Funny you should post that, as I was about to ask if you would consider micro-rotor autos to be in the same category as full rotor autos, when considering the prettiest auto movement. I am unsure, personally.
What someone considers pretty is up to them. I like micro-rotors from a design point because they are integrated INTO the movement's layout rather than floating on top of it. And, especially in an ultra-thin, the engineer has to deal with this bulky heavy thing spinning around in the middle of all these thin delicate things. Plus, you can see much more of the machinery at once. Whether you think a particular micro-rotor execution is successful or not is another matter, but I find the class more interesting to look it. Same with bumper movements, just for the neat factor, although they are completely outdated and no one makes them.
Not to say there is anything wrong with full rotors sitting on top, either (I believe they are more efficient, although I would love for someone who knows one way or the other to comment). I just find that the quirkiness of micro rotors is more likely to make me smile.
post #37367 of 48312
I just meant I was not sure if comparing micro rotors too full on rotors is apples to apples when deciding what might be the prettiest automatic movement of them all or not.

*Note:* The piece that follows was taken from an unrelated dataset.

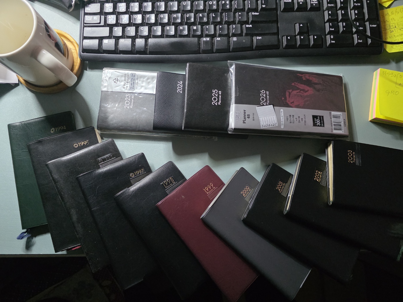 대학교 입학하면서부터 매년 학생수첩을 썻습니다. 학생수첩을 계속 쓰다가 졸업후 만나게 된 수첩이 양지 '플래너 56' 이었습니다. 한쪽 면에는 주간달력이 있고, 다른 면에는 메모를 할 수 있는, 그 구성이 제 메모 습관과 너무 딱 맞았습니다. 이후 매년 10~11월이 되면 수첩을 구매해서 새해를 준비했습니다. 그러다가 푸르덴셜보험에서 고객들에게 제공하는 수첩이 똑같은 구성으로 되어 있는 것을 알게 되었고, 2004년부터 2022년까지는 푸르덴셜 수첩을 사용했습니다. 그런데, 푸르덴셜 수첩은 2023년 KB금융과의 합병으로 고객에게 제공되는 수첩이 간단한 구성으로 바뀌게 되었고, 그 수첩은 제게 더 이상 의미 없는 수첩이 되어버렸습니다. 그리고 다시 만난 것이 '양지 플래너48'입니다. 56에 비해 사이즈가 조금 커졌지만 오히려 손에는 더 잘 맞았습니다. 그래서 2023년 이후 다시 매년 수첩을 구매하고 있습니다. 오늘도 광화문에 있는 교보문고에 가서 직접 '양지 플레너 48'을 들고 왔습니다. 그것도 20%나 할인된 가격으로. 수첩을 구매함으로써 제 마음이 내년을 맞을 준비를 시작했다는 사실에 집으로 돌아오는 길이 무척 뿌듯습니다.
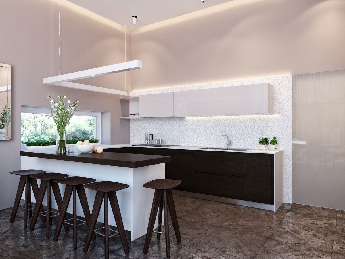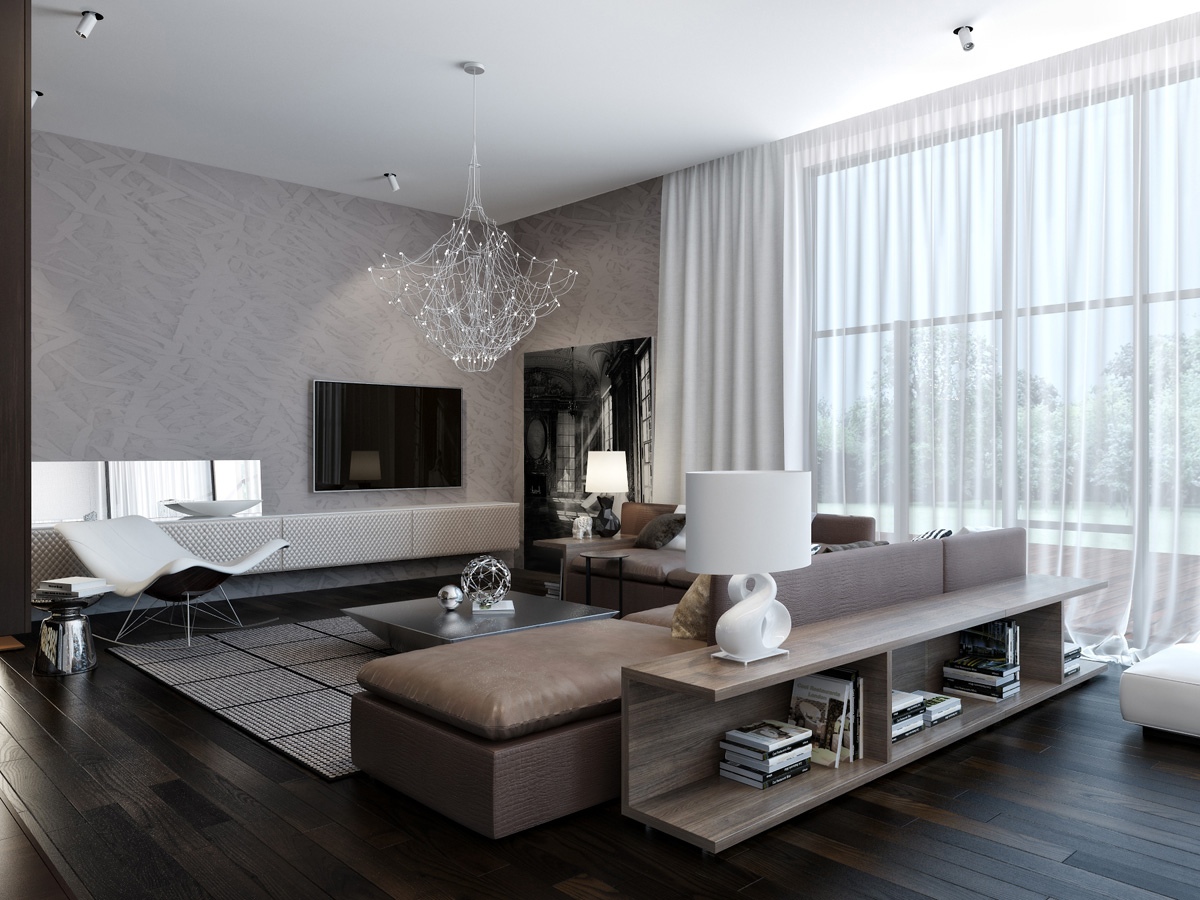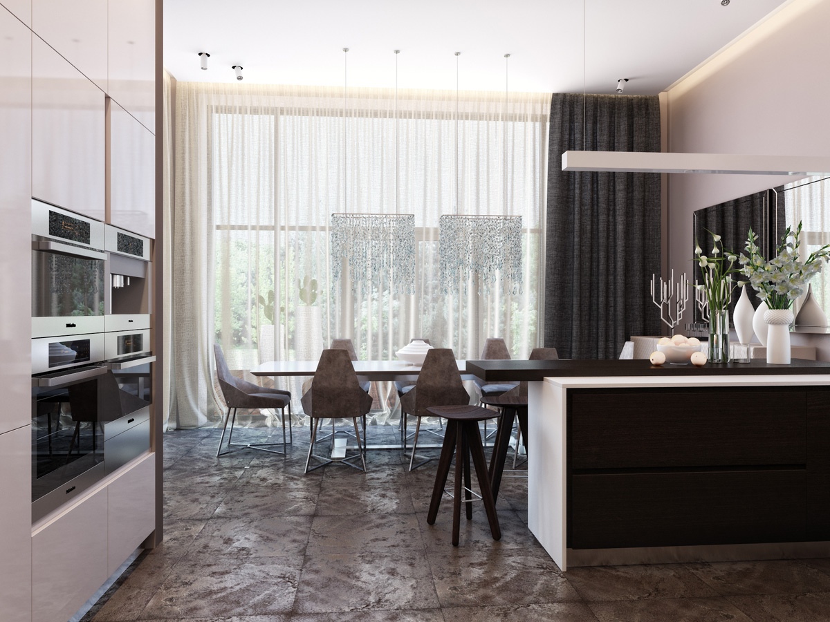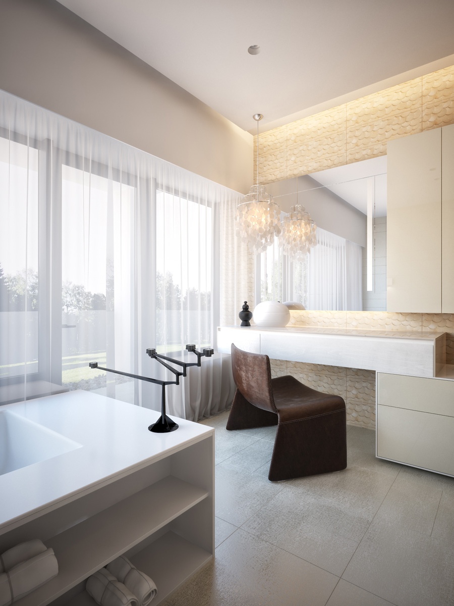 Nội thất nhà ở phong cách hiện đại thiết kế bởi công ty Azovkiy & Pahomova nước Nga nổi bật với hoa văn trang trí ấn tượng. Tông màu trung tính chủ đạo trong nội thất thông qua các yếu tố chất liệu và hoa văn trang trí gây kích thích cảm giác mới lạ một cách trực quan. Gỗ tự nhiên màu tối, đá ốp tự nhiên, chất liệu kim loại kết hợp với hoa văn đặc sắc của thảm lót kiến tạo một không gian sống quyến rũ.

I was not considering whether or not in general micro rotors or full on rotors are prettier or better option than the other. That is obviously up to personal preference.

As to which one it is more efficient, I once read a long article in Watch Time Magazine where they interviewed various different representatives from various different high enf watch companies on the matter, and there was no consensus.

Fwiw, in general, I also enjoyed the quirkiness and the integration of the micro rotor over the full on rotor. However, it seems that they are rarely built in to the "lower end" luxury watches.
post #37368 of 48312
Quote:
Originally Posted by in stitches View Post

I just meant I was not sure if comparing micro rotors too full on rotors is apples to apples when deciding what might be the prettiest automatic movement of them all or not.

I was not considering whether or not in general micro rotors or full on rotors are prettier or better option than the other. That is obviously up to personal preference.

As to which one it is more efficient, I once read a long article in Watch Time Magazine where they interviewed various different representatives from various different high enf watch companies on the matter, and there was no consensus.

Fwiw, in general, I also enjoyed the quirkiness and the integration of the micro rotor over the full on rotor. However, it seems that they are rarely built in to the "lower end" luxury watches.

I would think the comparison is unfair or at least not apples to apples.

post #37369 of 48312
Quote:
Originally Posted by yls2012 View Post

I agree that the Port's movement is fantastic, but I think impressive is a better descriptor than beautiful.  It's huge, and fills up the caseback unlike any other automatic movement that I can think of.  In that way, I think it's true to the Portuguese's origins as big watches with big, pocket-watch movements.  The effect of having a case sandwiched by expansive crystals covering the movement and the dial is unique. 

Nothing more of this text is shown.